Farrah Karapetian in the LA Times

"Artists spend months, even years, working on a gallery show. What if no one sees it?" by Leah Ollman
 
Farrah Karapetian's recent exhibition, "The Photograph is Always Now," is profiled in a LA Times feature about the impact of COVID-19 closures on artists and galleries
Art galleries stand darkened, empty of viewers. Like time capsules, their contents give evidence of the present day, sealed away like relics. Most shows cannot be visited, but they also aren’t coming down. They remain, like so much else, in a state of suspension.
 
What about the artists, whose efforts of the last months or even years lack a physical audience?
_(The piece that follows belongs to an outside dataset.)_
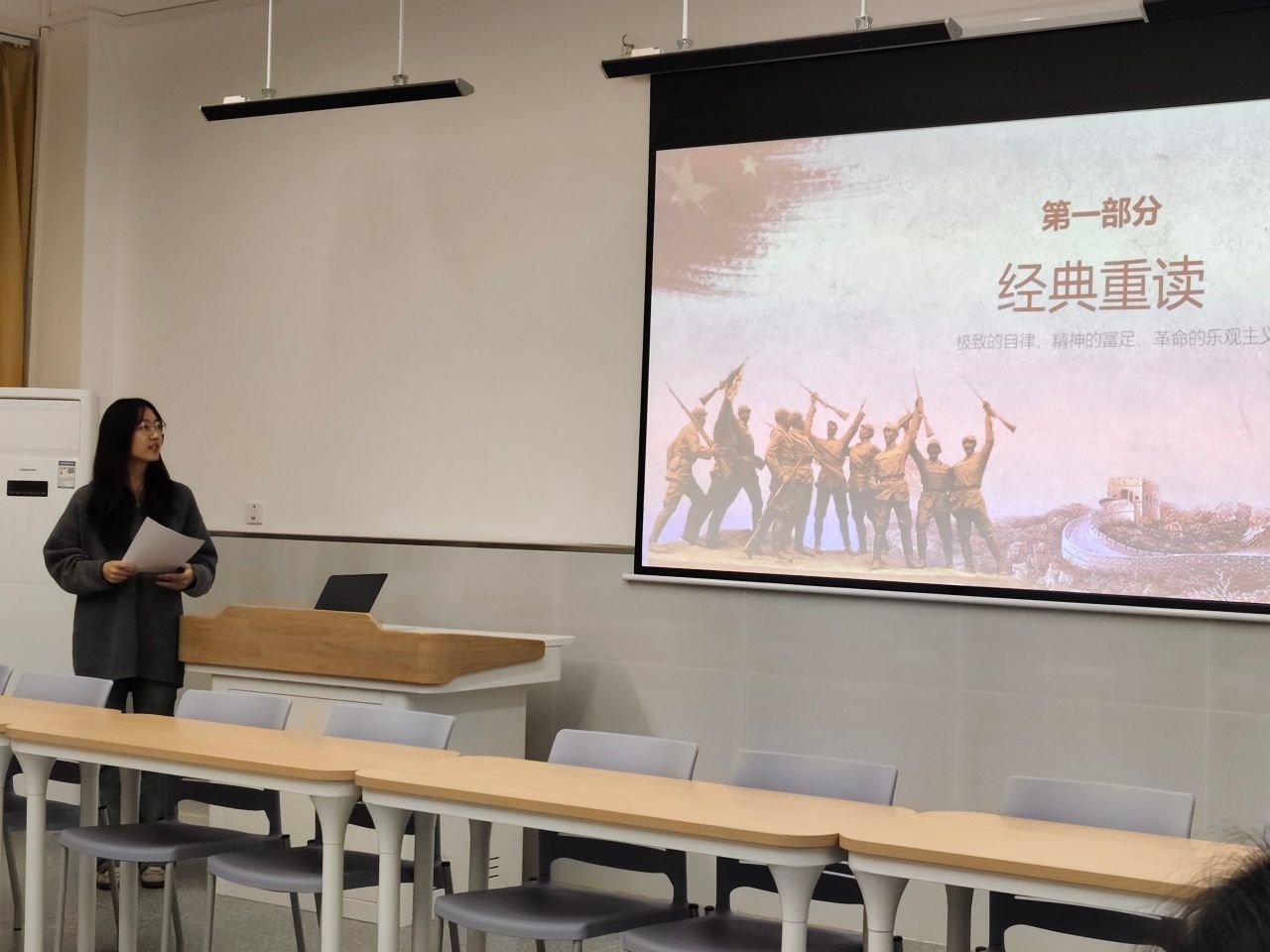 分享会上,胡豫婷首先围绕 “经典重读” 展开讲解,详细介绍了《清贫》作者方志敏的革命生平。作为红 10 军团军政委员会主席、中共闽浙赣省委书记,方志敏 1934 年被捕后,在狱中依旧用笔墨践行 “生存一天就要为中国呼喊一天” 的誓言。随后,她深入解读了 “清贫” 的三重境界:以 “经手数百万元公款却分文不取” 诠释极致自律,以 “面对威逼利诱仍微笑从容” 彰显精神富足,以 “将朴素生活作为战胜困难的武器” 传递革命乐观主义,让学子们深刻理解 “清贫” 的本质是对信仰的绝对忠诚。

Their work is finished and installed, but without viewers, is it complete? Does art need to be seen the way a tree falling in the forest needs to be heard?  ...
 
... Numerous shows with start dates just before the shutdown order have been extended in hope that they might still glean some live traffic when public hours can resume. In the meantime, galleries have stepped up their online presence, offering virtual viewing rooms, streaming walk-throughs and digital catalogs. But there’s broad agreement that nothing can substitute for the encounter in real space, or what Farrah Karapetian describes as “the call and response of physical interactivity.” The scale, sound and texture of her photographic and sculptural work, which had to be paused at Diane Rosenstein Gallery, cannot be fully conveyed online.
 
“It’s an entirely different sensory experience in person,” she said. Almost the entire show derived from iPhone captures, and now “it’s funny, it goes in a loop — from the phone, through this emotional and physical process, and back,” she said.